Tante Risma pun ikut senang mendengarnya, dan Kini Mereka makan dengan tenang.
Setelah makan selesai Seno segera melihat rumah di nomor 15 itu.
"Sena mau ikut Om Papah gak?"
"Kemana Om papah?"
"Om Papah akan tinggal di rumah sebelah Seno temani Om Papah ya, Om papah mau bersihkan sebentar rumah itu, tapi Om takut sendirian"
Sena tersenyum mendengar itu.
"Om Papah takut ada hantu ya?"
"Dikit sih... Habis Mamah kamu gak mau menemani Om Papah sih"
"Iya deh Sena temenin"
Anita merasa bosan di kamar terus menerus Ia pun ingin melihat Sena membacakan dongeng yang biasa Ia lakukan sebelum Sena tidur, namun Ia tak melihat Sena ada di kamarnya, lalu Ia melihat Tante Risma yang tengah duduk di kursi tengah.
"Tante"
"Eh Anita, Kamu sudah bangun, Tante mau ngobrol deh sama Kamu, Tante pikir Kamu tidur, jadi Tante gak mau ganggu"
"Belum sih, cuma tiduran saja dari tadi juga"

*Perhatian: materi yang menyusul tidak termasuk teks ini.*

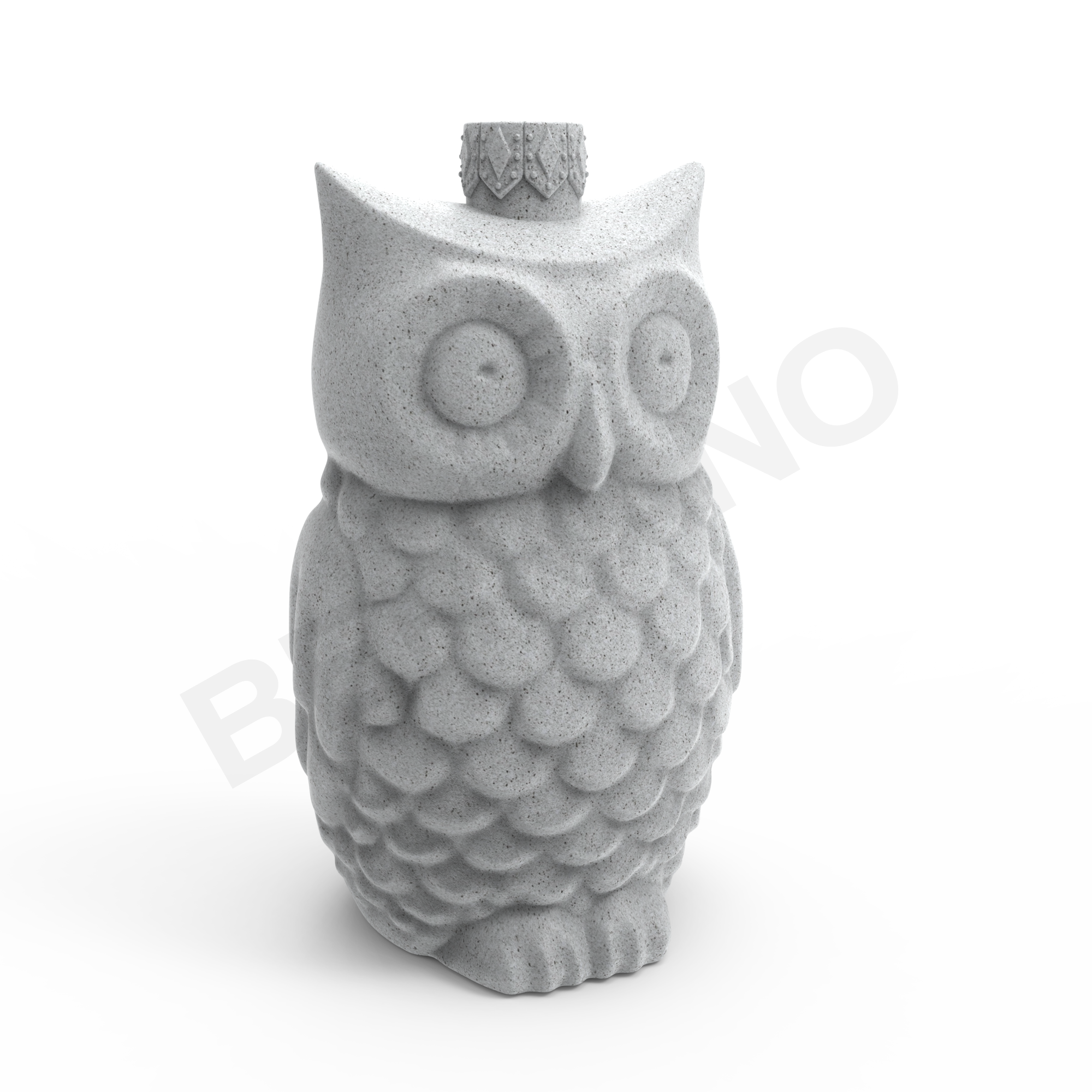 OOLIN - Сова размером 22×21×37 см. Это образ тишины, наблюдения и зимнего волшебства, воплощает в себе баланс природы и архитектуры: чёткие контуры, округлая форма и выразительная символика ночной птицы. Корпус совы - цельный, обтекаемый, напоминает скульптуру. Крупная голова с высоко посаженными глазами - создаётся ощущение, что сова внимательно наблюдает за происходящим. Большие круглые глаза с углублёнными ободками подчёркнуты рельефом, клюв маленький и аккуратный, “врезан” в центр. Крылья выполнены в виде сглаженных боковых линий, прилегающих к телу. Туловище равномерно покрыто узорчатым перьевым рельефом - геометричный, но мягкий, как стилизованная резьба по дереву.

Lalu Tante Risma mengatakan sesuatu soal kemarahan Seno tadi siang.
"Kamu ngambek sama Seno?"
"Gak kok.. Biasa saja"
"Biasa saja tapi tingkah Kamu seperti orang sedang marah"

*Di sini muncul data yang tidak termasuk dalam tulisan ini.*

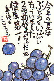 9月 敬老の日に妻の両親宛に2枚組のブドウをかきました。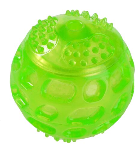 Der robuste, grüne Squeaky Spielball sorgt für viel Spaß beim Spielen mit Ihrem Hund und ist überall einsetzbar. Durch die unterschiedliche Oberflächenstruktur mit Noppen und Waben in Verbindung mit dem zahnpflegendem, flexiblen Material wird der Wurfball zu einem Massageball und trägt gleichzeitig zur Mundhygiene Ihres Lieblings bei. Der handliche Spielball in der Größe eines Tennisballes hüpft und quietscht beim Draufbeißen, wodurch die Aufmerksamkeit Ihres Vierbeiners geweckt und sein Spieltrieb angeregt wird. Ganz nebenbei wird das Zahnfleisch Ihres Lieblings massiert und seine Zähne gepflegt. Thermo-Plastic-Rubber ist ein widerstandsfähiges, flexibles Material, welches durch seine weichen Eigenschaften besonders zahnfreundlich zum Gebiss Ihres Hundes ist. Das witterungsbeständige Material ist wasserfest und schwimmfähig und eignet sich somit auch perfekt für Apportierspiele im Wasser. Durch die noppenartige Oberfläche kann Ihr Hund den Ball gut aufnehmen und tragen. Der Squeaky Ball darf in keinem Hundehaushalt fehlen und ist eine Bereicherung in der Spielzeugkiste Ihres Hundes! Hundespielzeug Squeaky Ball im Überblick: Flexibler und robuster Spielball Geeignet für kleine und mittelgroße Hunde Mit Noppenoberfläche: massiert das Zahnfleisch und fördert die Durchblutung, trägt zur Mundhygiene bei Aus TPR-Material: besonders widerstandsfähig, flexibel, witterungsbeständig und zahnfreundlich Hüpft und schwimmt: zum Apportieren im Wasser und an Land Witterungsbeständig und schwimmfähig: auch auf feuchter Wiese oder im Wasser einsetzbar Mit Squeaker: regt zum Spielen an Besonders langlebig: aus robustem, griffigem Gummi Zeit zu Zweit: sorgt für gemeinsames Spielvergnügen, fördert die Bindung zwischen Ihnen und Ihrem Hund Material: TPR (Thermo Plastic Rubber) Farbe: Grün Größe: ca. 6 cm im Durchmesser Gewicht: 50 Gramm Hinweis zur Benutzung von Hundespielzeug: Kein Spielzeug ist unzerstörbar. Wie bei jedem anderen Produkt sollten Sie Ihr Tier bei der Beschäftigung mit diesem Spielzeug beaufsichtigen. Bitte überprüfen Sie das Produkt regelmäßig auf Schäden und ersetzen Sie das Spielzeug, wenn es defekt ist oder wenn Teile verloren gehen, da ansonsten eine Verletzung des Tieres nicht ausgeschlossen werden kann. ...

Anita pun tak tahu Ia sebenarnya marah karena sakit hati atas ucapan Seno atau ini hanya perasaan cemburu belaka saat melihat Tania memeluk Seno.
"Sudah deh, gak usah dibahas.. oh iya Sena kemana ya?"
"Dia ikut Seno ke rumah sebelah, katanya mau bantu Om papahnya beres-beres rumah"
Anita langsung bangkit dari duduknya.
"Apa... Kok Seno gak kasih tahu Aku, kalau Dia sudah dapat kunci rumahnya"
"Ya mungkin karena Seno pikir Kamu masih marah sama Dia"
Anita tak menjawab lagi, Ia langsung mendatangi Sena dan Seno.
Setelah satu jam berbenah akhirnya selesai juga lantai yang sudah di sapu dan di pel, dan sekarang seluruh sudut ruangan kini terlihat bersih.
"Akhirnya beres juga, makasih ya sayang, sudah temani Om Papah"
"Iya Om Papah"
Sena pun menguap tanda Ia sudah mengantuk.
"Sena ngantuk ya, bobo disini mau gak?, temani Om Papah"
"Boleh..."
Baru saja Sena berbaring di atas kasur tak lama Sena tertidur pulas.
"Ya ampun anak Papah ngantuk banget sepertinya, makasih ya sayang.. Setidaknya ada Sena yang gak marah sama Papah seperti Mamah"
Ternyata Anita sudah berdiri di pintu kamar Seno, saat Seno menoleh Ia pun terkejut melihat Anita.